ФГ: Если бы я спросил вас - как двух молодых людей с молодыми взаимоотношениями — это страшит или вдохновляет, думать, что ты можешь любить своего партнера так сильно, что позволишь ему уйти? 
ЭС: Определенно вдохновляет. 
ЭР: И постоянно меняет. Когда мы снимали этот фильм, сначала у меня была одна идея, а потом, когда ты слышишь мнения других людей и переплетаешь их со своими, приходит совсем другая интерпретация. Но даже если отодвинуть мои собственные чувства, этот фильм основан на чем-то очень человечном. 


ФГ: Перекликается ли эта мысль с тобой и «Бедменом», Эмма? Тебе, наверняка, не нужно иметь не живущего дома отца, чтобы чувствовать себя такой же уязвленной, рассерженной и любящей, как твоя героиня. 
ЭС: Конечно я чувствовала то же, что и Сэм, моя героиня, - не о своем отце, но в жизни вообще. И я могу присоединиться к тому, что Эдди говорил о том, как повествование меняется с течением времени. Играя персонажа, ты полностью идентифицируешь себя с ним. Я понимаю трудности Сэм, ее боль. Но сейчас, когда я смотрю фильм, я вижу его скорее как зритель. 


ФГ: Давайте поговорим о вашей собственной жизни и растущей славе. Играют ли большую роль разные излишне любопытные незнакомцы? 
ЭС: Вы имеете в виду папарацци или просто людей с телефонами? 
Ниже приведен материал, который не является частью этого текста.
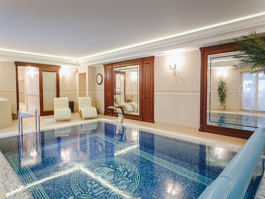В цокольном этаже расположены СПА-зона (бассейн, хаммам, процедурный кабинет, тренажёрной комнатой, винная комната, зимний сад, гараж) и набор хозяйственный помещений для прислуги и хранения.

ФГ: Я имею в виду фотографии Эдди и его жены в аэропорту, которые я только что видел. 
ЭР: Фотографии в аэропортах, как правило, делают папарацци. У меня нет большого опыта. Но это, обычно, в аэропорту Лос-Анджелеса, и это всегда происходит, когда ты выходишь из самолета. До тех пор, пока вы не думаете об этом слишком много - типа: "Кто им сказал, что я буду здесь?", - это не важно. 

ФГ: Но это становиться немного важным теперь, когда у тебя есть жена, и ее тоже фотографируют? 
ЭР: Безусловно, более затруднительно, когда кого-то, кого ты любишь, и кто не имеет ничего общего с этим бизнесом, затягивают в него. Но Ханна и я ходим на красные дорожки вместе, она хочет поддерживать меня. Так что, мы обсуждали это. 


ФГ: Как ты относишься к этому, Эмма? Это часто происходит с тобой и твоим парнем, Эндрю Гарфилдом. 
ЭС: Это не комфортно, когда фотографы дежурят у вашего дома. Я никогда не буду чувствовать себя хорошо, и я не думаю, что это нормально. Однако же, есть такая цель - жить нормальной жизнью. Так что, если они фотографируют, как ты идешь в один и тот же ресторан каждое утро, что ты и делаешь, когда живешь по-соседству... Честно говоря, я стараюсь не думать об этом дольше, чем в тот момент, когда это происходит. 

ФГ: Смотрят ли ваши родители эти фотографии? 
ЭС: Мой папа однажды увидел статью обо мне с недоброжелательными комментариями, и он так разозлился, что решил больше не читать подобные материалы. 
ЭР: Когда я снимался в «7 дней и ночей с Мэрилин», кто-то спросил Мишель Уильямс, какова разница между знаменитостью времен Мэрилин Монро и сегодняшней. И она сказала: "Одно слово: Интернет". Но ты не можешь позволить ему добраться до тебя. 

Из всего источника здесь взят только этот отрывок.